__ABOUT THIS EXERCISE__
Take the line containing "3 курс гр. А" and all lines after it, through the end of the material, and repeat them exactly, pictures left out.

__RAW DATA__
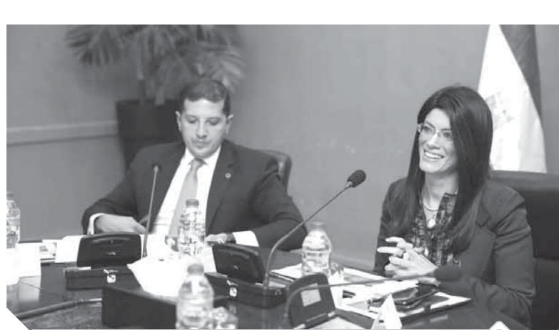
المشاط خلال اجتماعها أمس

Chai, Qasatli, Fatura, Liwwa, و Pay وغيرها. ولقت إلى الزيارة التي تمت خلال أكتوبر الماضى، مع جون بارسا، رئيس الوكالة الأمريكية للتنمية الدولية لمسرعة الأعمال FlatLabs، والتي تعتبر إحدى النماذج الناجحة فى مجال ريادة الأعمال وحصلت على دعم من مؤسسات التمويل الدولية، كما أنها إحدى الشركات المستفيدة من استثمارات شركة مصر لريادة الأعمال.
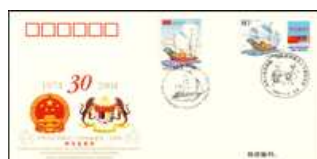
30 J. Dipl. Bezieh. m. Malaysia 31.05.2004
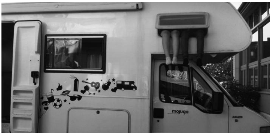
Einfach mal abhängen im mobilen Treffpunkt
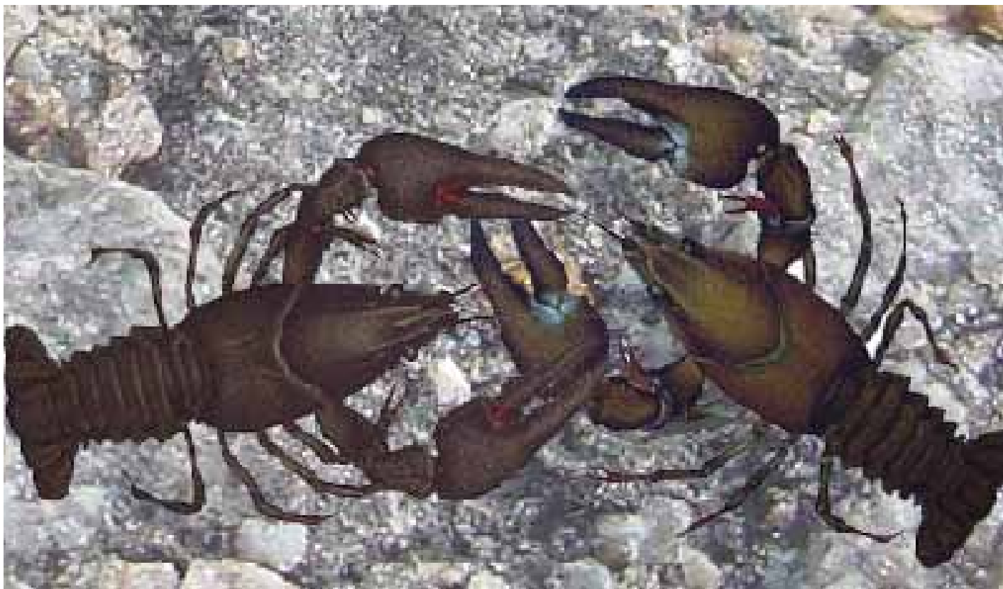
Flodkräfta till vänster och signalkräfta till höger. Lägg märke till de ljusa fläckarna på signalkräftans klor.

Eftersom signalkräfter sedan 1994 inte får planteras ut i vattenområden där arten idag saknas är det framför allt de illegala utsättningar av signalkräfter som är det största hotet mot flodkräftan idag.
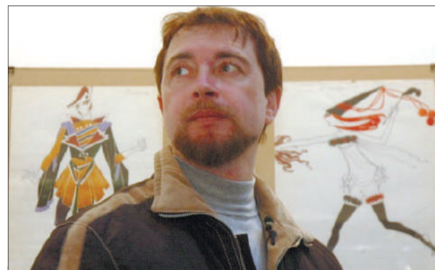
В ШАГЕ ОТ ФИНАЛА Иллюстрация художника Анатолия Прилепского вошла в лонг-лист престижного международного конкурса
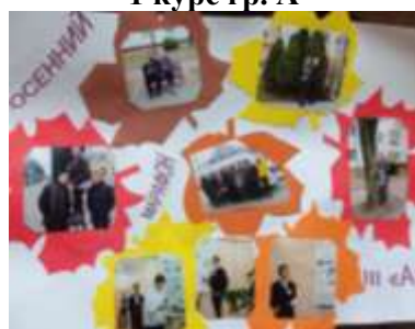
3 курс гр. А
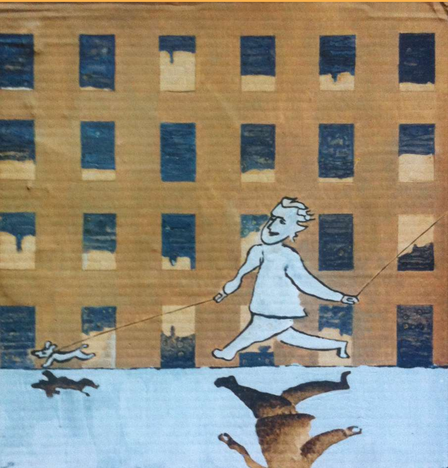
Oil painting on cardboard 40 x 40 cm
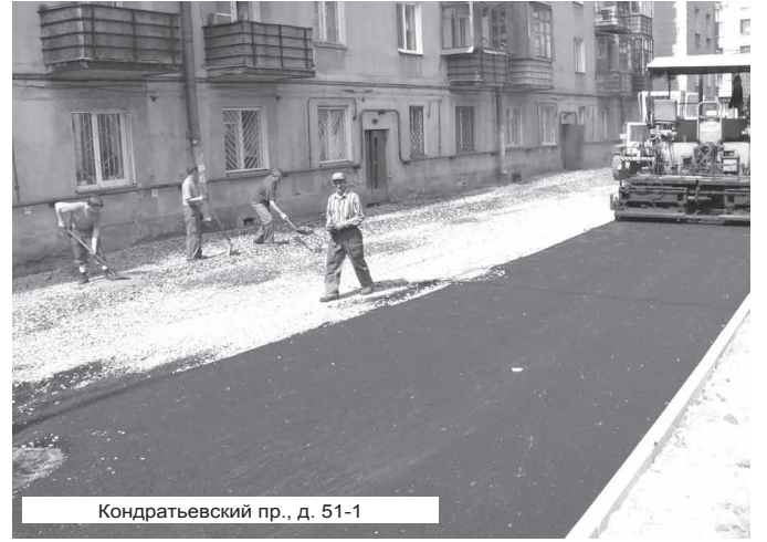
Кондратьевский пр., д. 51-1

__YOUR RESPONSE__
3 курс гр. А
Oil painting on cardboard 40 x 40 cm
Кондратьевский пр., д. 51-1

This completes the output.